This talk will summarize our progress on the development of a method

to sequence single DNA fragments.  Our approach is based on

single-molecule fluorescence detection [1] and consists of: labeling

the different nucleotides types with distinguishable fluorophores;

polymerase incorporation of the labeled nucleotides into a strand of

DNA; attachment of one end of the DNA fragment to a suitable support;

movement of the supported DNA into a flow stream to cause the DNA

fragment to stretch out into the flow; exonuclease digestion of the

free end of the fluorescently-labeled DNA strand to sequentially

release the fluorophore-labeled nucleotides into the flow stream and

efficient single-molecule detection and identification of the

fluorophores in the ordered sample stream to read out the

sequence. [2,3] The method has the potential for sequencing DNA

fragments tens of thousands of bases in length, in contrast to current

gel-electrophoresis-based sequencing methods with read lengths limited

to approximately 1000 bases (1 kb).  We have made considerable

progress towards a demonstration of single DNA fragment sequencing.

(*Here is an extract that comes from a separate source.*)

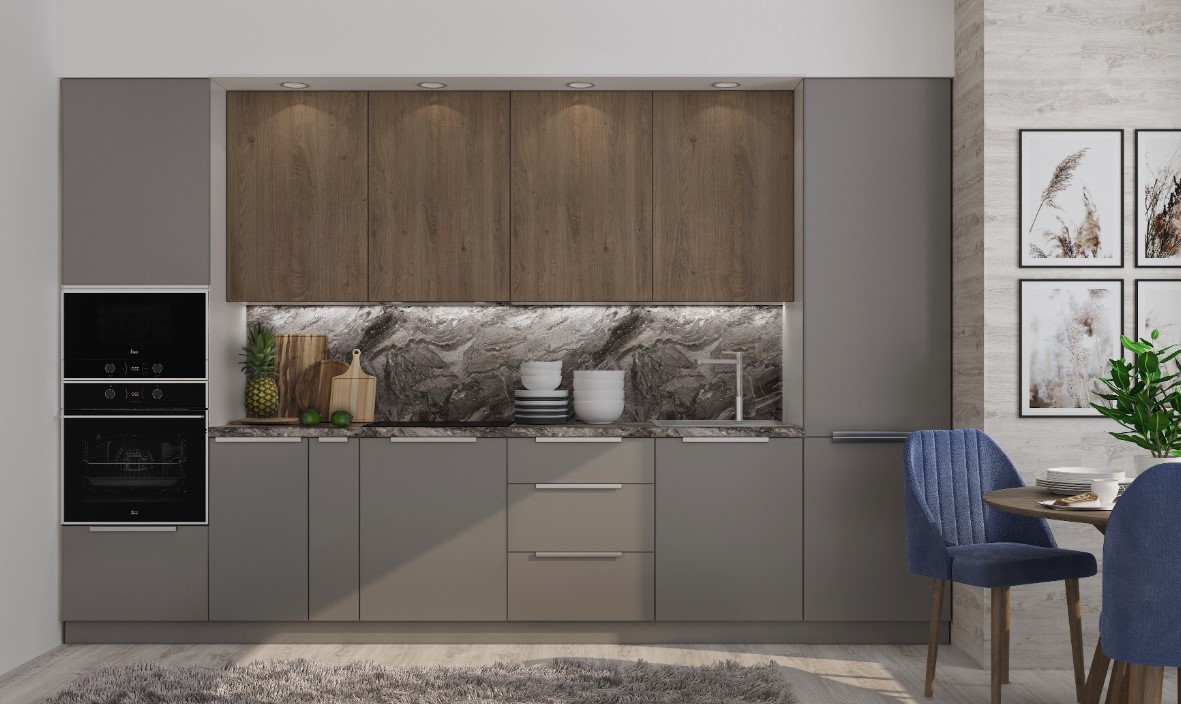 Лаконичные ручки-рейлинги и столешница с древесной текстурой.

Up to three fluorophore-labeled nucleotide types have been

incorporated into strands of DNA 2-7 kb in length.  Only two of the

nucleotide types need to be labeled at once; DNA can be sequenced in

multiple passes using all combinations of labeling of the nucleotide

types with two distinguishable labels. [4] Exonuclease turnover rates

of ~50 and ~1 nucleotides per second have been measured at room

temperature for Esherichia coli Exonuclease I and Exonuclease III,

respectively, on fluorescently-labeled DNA.  Multiple fragments of

labeled DNA have been attached to polystyrene microspheres.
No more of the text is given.